With the exception of the pictures, transcribe the entire listing exactly.

Given information:
= = = = =
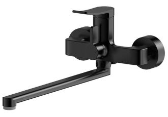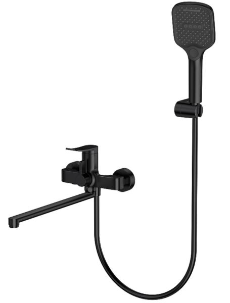 Смеситель для ванны Splenka S31.22.06 универсальный. Цвет: черный. Материал: латунь. Управление: однорычажное. Механизм: керамический картридж. Излив: поворотный. Аэратор. Переключатель ванна/душ. Стандарт подводки: G 1/2. Отверстия для монтажа: 2. Монтаж: на стену. Душевая лейка - 3 режима.
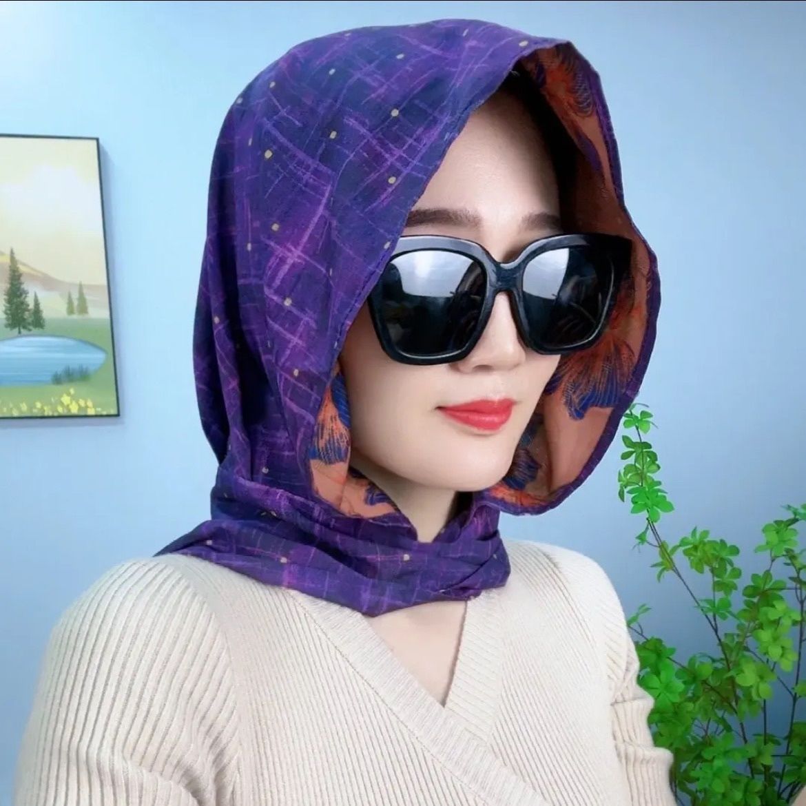 • 리브 새틴 스카프 모자-보라색 모란
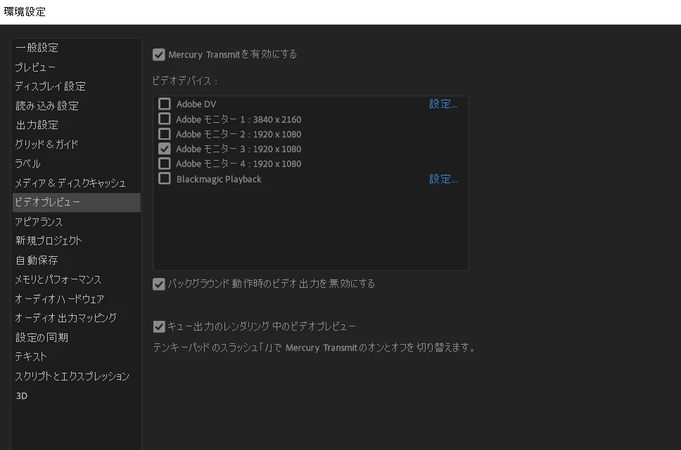 環境設定のビデオプレビューから該当のモニター、今回はプロジェクターにチェックを入れてみてください。
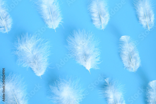 © Ksenia, Obraz premium group white fluffy bird feather from a chicken on a blue background. regular pattern
= = = = =
Exercise solution:
 Смеситель для ванны Splenka S31.22.06 универсальный. Цвет: черный. Материал: латунь. Управление: однорычажное. Механизм: керамический картридж. Излив: поворотный. Аэратор. Переключатель ванна/душ. Стандарт подводки: G 1/2. Отверстия для монтажа: 2. Монтаж: на стену. Душевая лейка - 3 режима.
 • 리브 새틴 스카프 모자-보라색 모란
 環境設定のビデオプレビューから該当のモニター、今回はプロジェクターにチェックを入れてみてください。
 © Ksenia, Obraz premium group white fluffy bird feather from a chicken on a blue background. regular pattern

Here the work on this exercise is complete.